ABOUT THIS TASK. Omitting all pictures, copy word for word the lines from the line containing "Focused on figuration, Yagan’s" through the final line of the entries.

** Opening EXCERPTED RECORDS block **

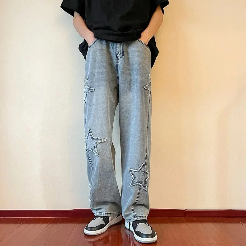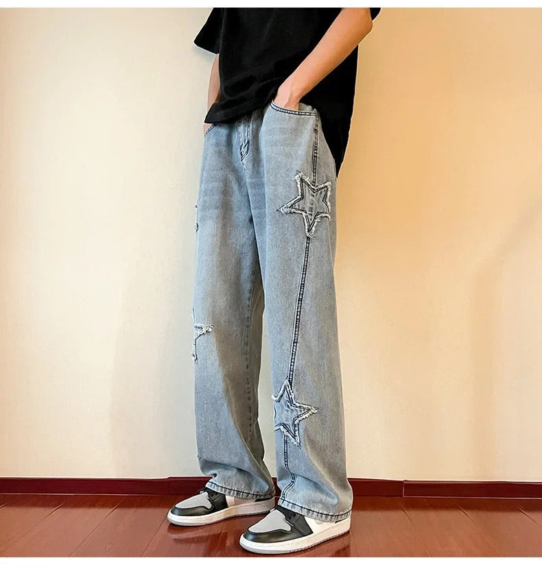• American-style Design : Embrace the essence of American fashion with these star patch jeans, exuding a high street style that's both trendy and timeless.
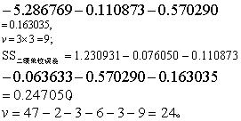 (3)分别计算上述六个部分的均方MS(=SS/v),见表3。
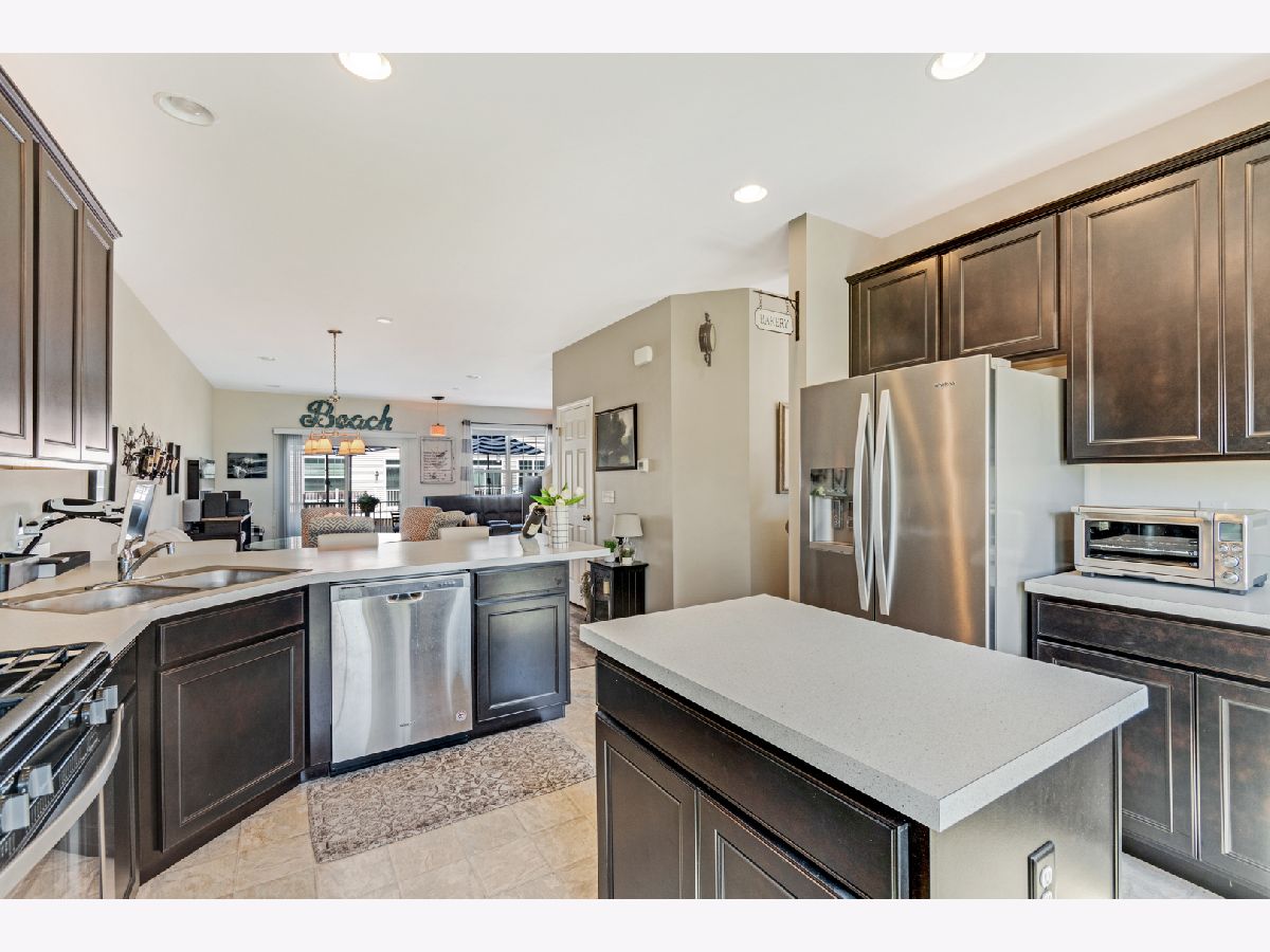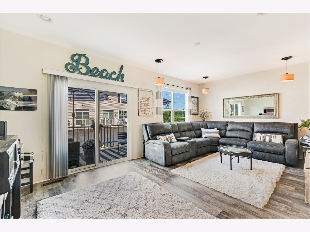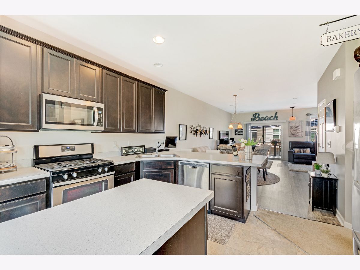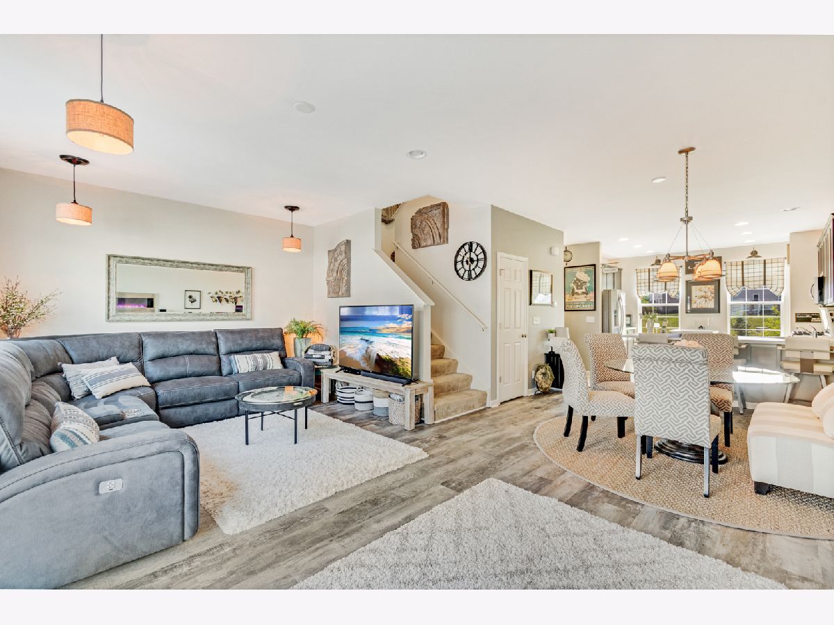 Look no further! JUST LIKE NEW -- 3 bedroom, 2.5 bathroom + bonus room townhouse is ready for you to move right in. Light, bright, and spacious, the first floor boasts soaring 9 foot ceilings, recessed lighting, and plank flooring in shades of grey and earth tones. Here you will find yourself cooking on the island in your cozy kitchen, surrounded by 42 inch cabinets and stainless appliances. Imagine sitting down with coffee at your breakfast bar, which looks out into the open-concept dining and family room. Spend your evenings sipping drinks under the stars on your extended deck, which has room for both seating and dining! Upstairs, you will find 3 roomy bedrooms & 2 full baths. Master upgrades include dual sinks, and sizable closet. Finished lower level is perfect for an additional family room, gym, craft room, or man cave. Lower level also has laundry room with laundry tub. Park your vehicles and still have room for storage in the 2 car garage. Easy access to the Prarie Path, and stunning views round out this perfect gem of a home. Schedule your showing today!
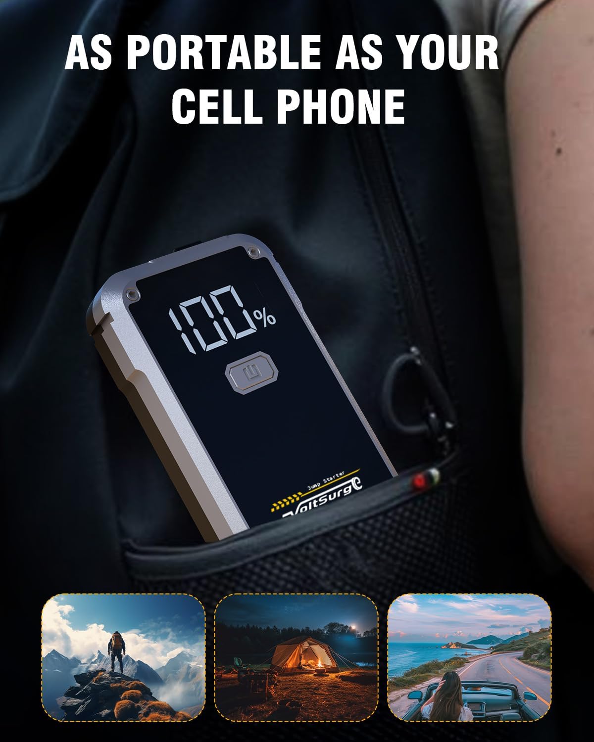 - HUMANIZED DESIGN & LCD DISPLAY - The VoltSurge Battery Jumper Box is equipped with a digital LCD screen to display the battery status. Compared with other devices that don't have an LCD screen but only an indicator, you can check the battery status and remaining charge more intuitively
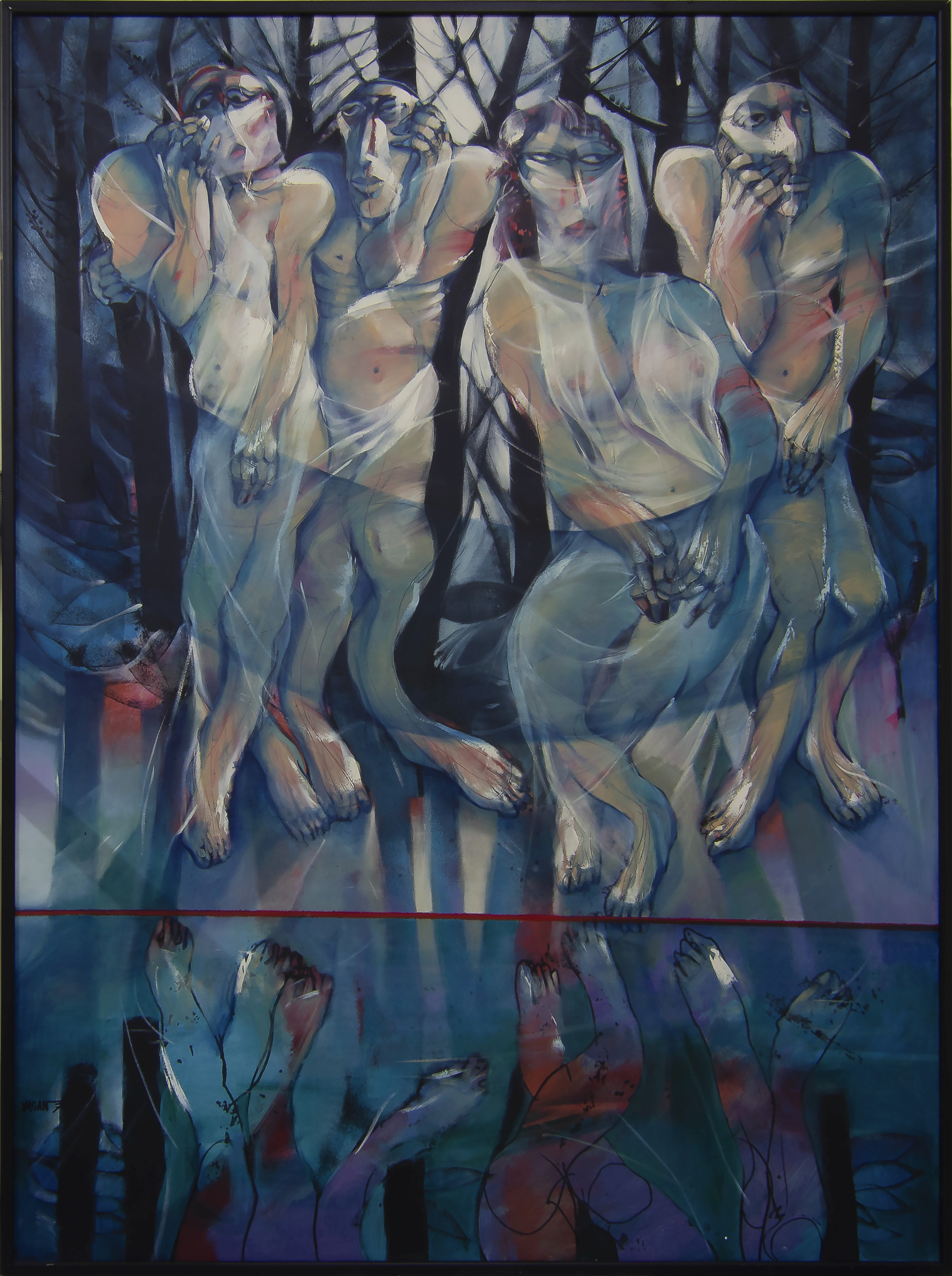 Focused on figuration, Yagan’s stylised bodies have serious, elongated faces, that are at many times depicted mid-movement. Depicting everything from café culture to the performing arts, his expressive and dynamic works are distinctive in the faces and bodies of their characters and feature a palette of predominately white, reds and blues.
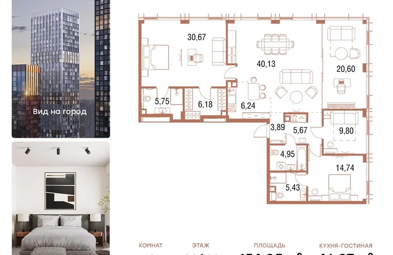 В продаже 4-комнатная квартира площадью 153,2 кв.м. с отделкой MR Base на 43-м этаже 43 этажного дома.
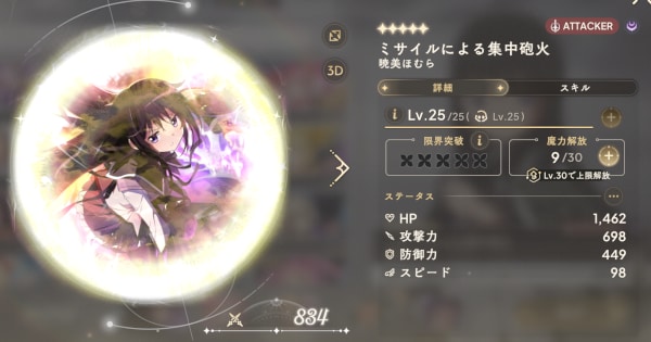 魔力解放 | ・HP/攻撃力/防御力が上昇 ・スキルレベルが上昇 ・キャラLv.アップで上限が解放 |

** Closing EXCERPTED RECORDS block **

REPLY.
 Focused on figuration, Yagan’s stylised bodies have serious, elongated faces, that are at many times depicted mid-movement. Depicting everything from café culture to the performing arts, his expressive and dynamic works are distinctive in the faces and bodies of their characters and feature a palette of predominately white, reds and blues.
 В продаже 4-комнатная квартира площадью 153,2 кв.м. с отделкой MR Base на 43-м этаже 43 этажного дома.
 魔力解放 | ・HP/攻撃力/防御力が上昇 ・スキルレベルが上昇 ・キャラLv.アップで上限が解放 |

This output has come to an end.